Daniel JDK development is clearly consider this: whether the elements they can stabilize fast row before the merge sort of judgment:
- If the array itself has almost lined up (can see paragraphs stitching ordered array), it is also ranked what, and patted the return on the line
- If 33 consecutive equal elements appear - use fast row (Honestly, I did not understand why, with or without cattle to enlighten me?)
//判断结构是否适合归并排序
int[] run = new int[MAX_RUN_COUNT + 1];
int count = 0; run[0] = left;
// Check if the array is nearly sorted
for (int k = left; k < right; run[count] = k) {
if (a[k] < a[k + 1]) { // ascending
while (++k <= right && a[k - 1] <= a[k]);
} else if (a[k] > a[k + 1]) { // descending
while (++k <= right && a[k - 1] >= a[k]);
for (int lo = run[count] - 1, hi = k; ++lo < --hi; ) {
int t = a[lo]; a[lo] = a[hi]; a[hi] = t;
}
} else {
//连续MAX_RUN_LENGTH(33)个相等元素,使用快排
for (int m = MAX_RUN_LENGTH; ++k <= right && a[k - 1] == a[k]; ) {
if (--m == 0) {
sort(a, left, right, true);
return;
}
}
}
//count达到MAX_RUN_LENGTH,使用快排
if (++count == MAX_RUN_COUNT) {
sort(a, left, right, true);
return;
}
}
// Check special cases
// Implementation note: variable "right" is increased by 1.

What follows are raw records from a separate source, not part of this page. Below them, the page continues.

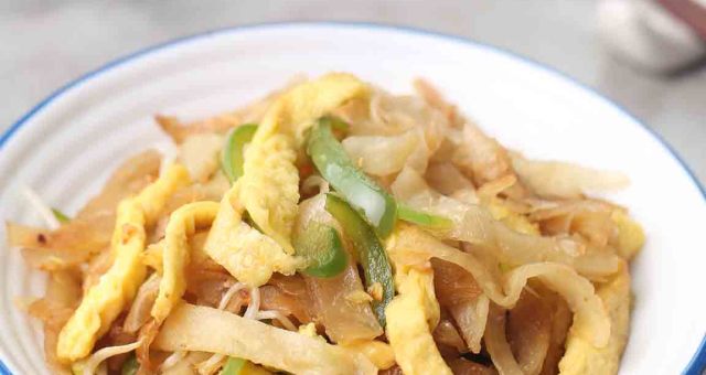 饼丝搭配豆芽、鸡蛋,就算是没有肉,味道也十足。
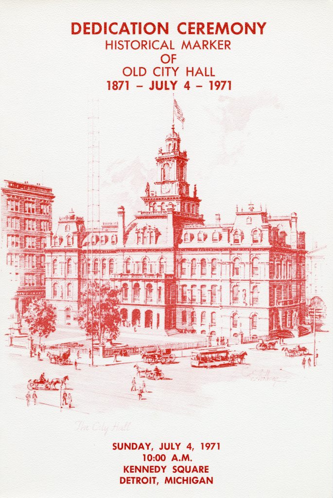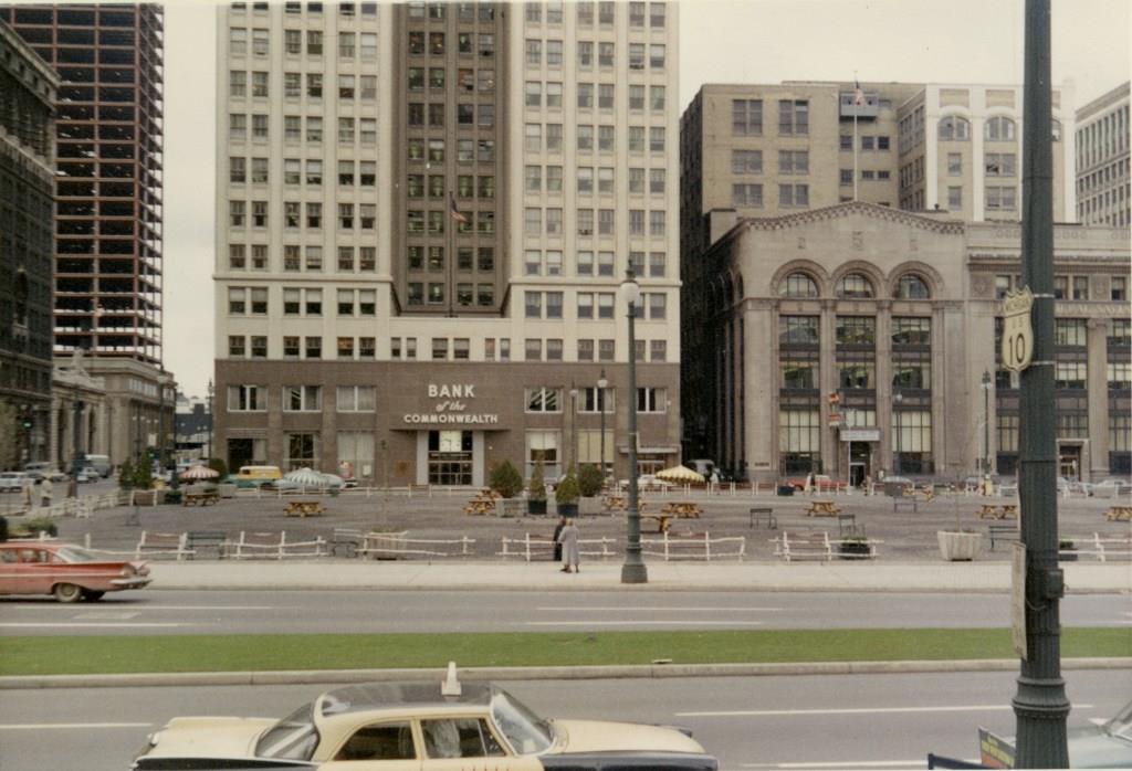 1961, the debris of Old City Hall.Much like the Kern Block, Kennedy Square was a mid-century development on the site of a razed historic Downtown Detroit building. Old City Hall stood from 1871 to 1961 on the west side of Campus Martius. Although its demolition was bitterly contested, arguments against the building’s unfashionable color and style, lack of fire safety, and outdated elevators and plumbing eventually won out. The seat of government had already moved to the City-County Building in 1954, making the Old City Hall obsolete.
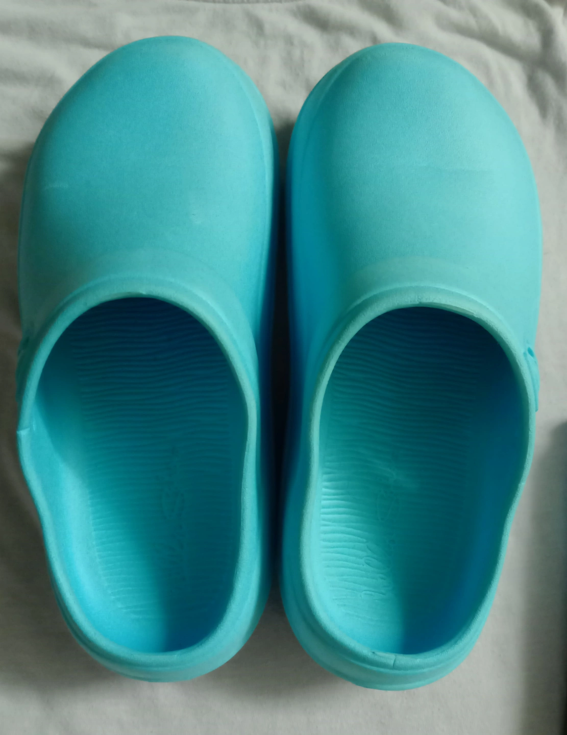 Pair of light blue plastic clogs. Slip-on style. Comfortable and easy to clean. Lightweight and great for casual wear.
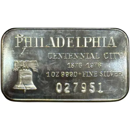 | Obverse lettering | PHILADELPHIA CENTENNIAL CITY 1876-1976 1 OZ 999.0 + FINE SILVER |
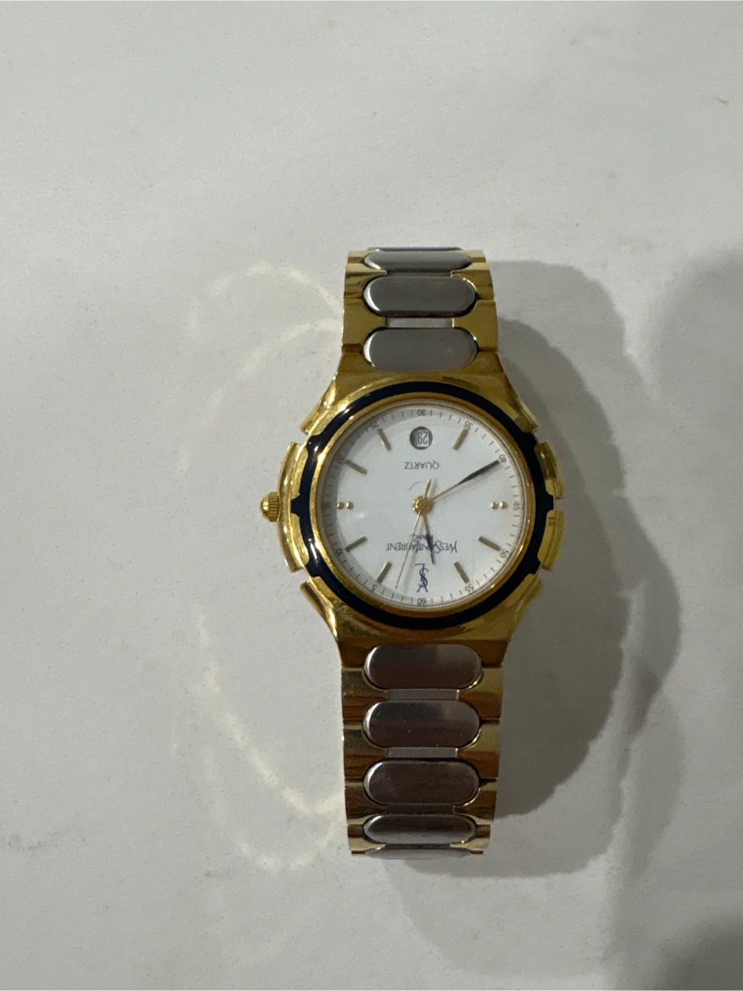 Selling a Yves Saint Laurent Quartz watch. It features a gold and silver band with a white face. The watch measures approximately 3.5 cm in diameter.
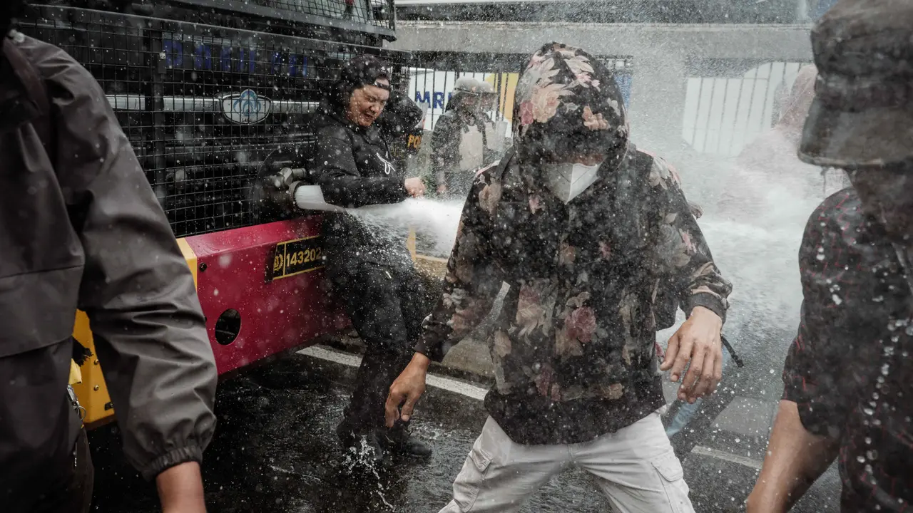 Kepolisian yang berjaga langsung maju dari arah Kemenpora, menembakkan gas air mata berkali-kali. Massa yang kebanyakan pelajar panik, berhamburan ke arah Jalan Asia Afrika.
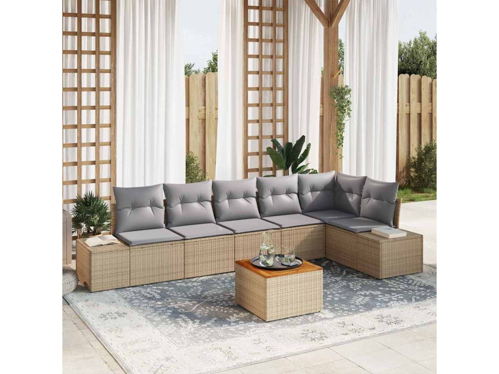 - Odolné materiály: Konstrukce z poly ratanu a masivního akáciového dřeva, tato zahradní sofa souprava je navržena tak, aby vydržela venkovní klimatické podmínky. Poly ratan poskytuje tkanou texturu, která zvyšuje estetickou přitažlivost, zatímco masivní akáciové dřevo dodává sílu a stabilitu. Práškově lakovaná ocel zajišťuje robustnost, což zaručuje, že souprava zůstává v perfektním stavu, odolává rzi a každodennímu opotřebení po několik sezon.
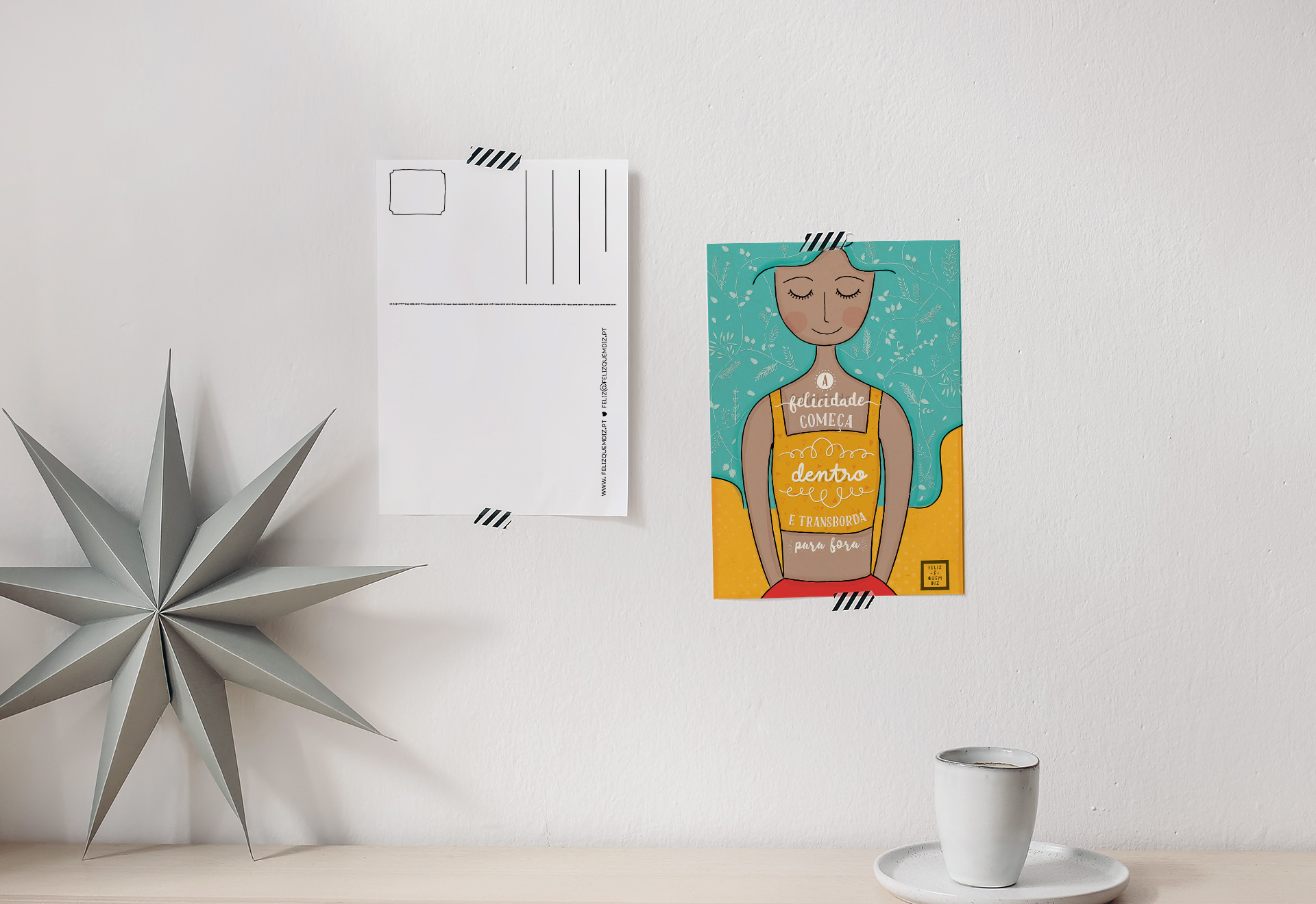 Postal . Felicidade começa dentro 1,00 € Desconto de %. IVA incluído. Partilhar Comprar Contactar Ilustração original do projecto Feliz é quem diz® Medida do postal: 16x11cm Os postais não incluem envelope.

if (run[count] == right++) { // The last run contains one element
run[++count] = right;
} else if (count == 1) { // The array is already sorted
return;
}
复制代码Merge sort Source
byte odd = 0;
for (int n = 1; (n <<= 1) < count; odd ^= 1);
// Use or create temporary array b for merging
int[] b; // temp array; alternates with a
int ao, bo; // array offsets from 'left'
int blen = right - left; // space needed for b
if (work == null || workLen < blen || workBase + blen > work.length) {
work = new int[blen];
workBase = 0;
}
if (odd == 0) {
System.arraycopy(a, left, work, workBase, blen);
b = a;
bo = 0;
a = work;
ao = workBase - left;
} else {
b = work;
ao = 0;
bo = workBase - left;
}
// Merging
for (int last; count > 1; count = last) {
for (int k = (last = 0) + 2; k <= count; k += 2) {
int hi = run[k], mi = run[k - 1];
for (int i = run[k - 2], p = i, q = mi; i < hi; ++i) {
if (q >= hi || p < mi && a[p + ao] <= a[q + ao]) {
b[i + bo] = a[p++ + ao];
} else {
b[i + bo] = a[q++ + ao];
}
}
run[++last] = hi;
}
if ((count & 1) != 0) {
for (int i = right, lo = run[count - 1]; --i >= lo;
b[i + bo] = a[i + ao]
);
run[++last] = right;
}
int[] t = a; a = b; b = t;
int o = ao; ao = bo; bo = o;
}
复制代码Regardless of the field of technology, thought the same strain, welcome to visit Orange bacteria blog article by a blog article multiple platforms OpenWrite release!